"Well that's all fine in practice, but how does it work in theory ?"

posted Aug 25, 2013, 7:07 PM by Admin PEMRF   [ updated Aug 25, 2013, 10:16 PM ]


 


 Dr. Garret FitzGerald 1926-2011, Former Taoiseach (Premier) of Ireland,

 architect of the Anglo-Irish Peace agreement,  and an academically 

 inclined economist who once arrived for a public function in one brown and one black shoe.




"Well that's all fine in practice, but how does it work in theory ?"

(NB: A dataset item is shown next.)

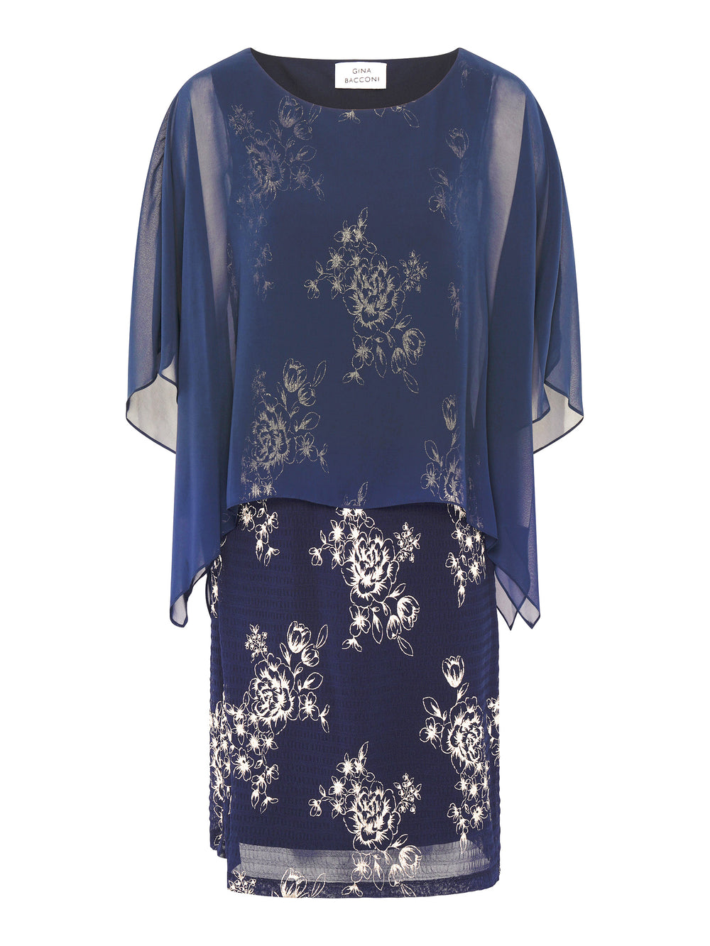 Elevate your occasionwear with our new Anne dress, a striking blend of comfort and elegance. This dress features a fitted navy dress with delicate gold foil floral print and is beautifully overlaid with a flowing chiffon cape. Perfect for weddings, evening events, or special dinners, this dress brings both glamour and ease.

When presented with a solution to a difficult problem this apparently was former Taoiseach Garrett Fitzgerald's response. This is the kind of answer that gets academics a bad name. It struck me today however in the context of developing rules to predict rare events.

 

The classic 'I made it up because I'm an expert and then I validated it' rule is the apnea rule proposed by Wilwerth et al. After coming up with the rule the authors tested it on a retrospective data set; which apparently they didn't review prior to developing the rule. And their ruled perfectly perfect predicted all the infants with apnea in the data set.

 

The foundation is supporting a project which is currently attempting to derive a rule prospectively. The authors are using the standard logistic regression approach. But even with the adjustment for the rare events when the goal being sought is a model with 100% sensitivity problems arise. Hundred percent sensitivity is required for such things as apnea (it's not really good enough to send home just a few children to die). Even with adjustment for rare events, when the events become very rare and a zero miss rate is required the imbalance in the data makes the task almost impossible. CART analysis didn't help for the same reasons.

 

And yet the authors noted that with a little thought it was fairly easy to derive a series of rules which when tested had 100% sensitivity and as high as 60% specificity. Our researchers could do this because humans can fairly easily bias a classification tool when they create it manually. At first blush such a tool, with 100% sensitivity and specificity of 60% for a potentially fatal outcome in small infants sounds wonderful. But, is this really any different from the exercise performed by Wilwerth et al? One can argue that it is more data informed, done as it was following extensive univariable and multivariable modeling. This is true, however it does not excuse what is happening here. What is happening here, and what happened in Wilwerth et al. is a classic example of over fitting. Predictably, two subsequent authors failed to validate the rule proposed by Wilwerth et al., one a prospective, and one in retrospective data set and both in different centers to that of the authors of Wilwerth et al. The foundation does not want to see its work similarly discredited.

 

The fundamental problem comes down to this. In both cases informed experts are using either their own experience or data and their own experience to craft a classifier which works perfectly in their experience i.e. their  ER   but not anyone else's.  This is simply not good enough. Inevitably the data will be over fit and the classifier not generalizable (to somebody else's ER or infant).

 

As Garrett Fitzgerald said “It's all very well in practice but how does it work in theory?”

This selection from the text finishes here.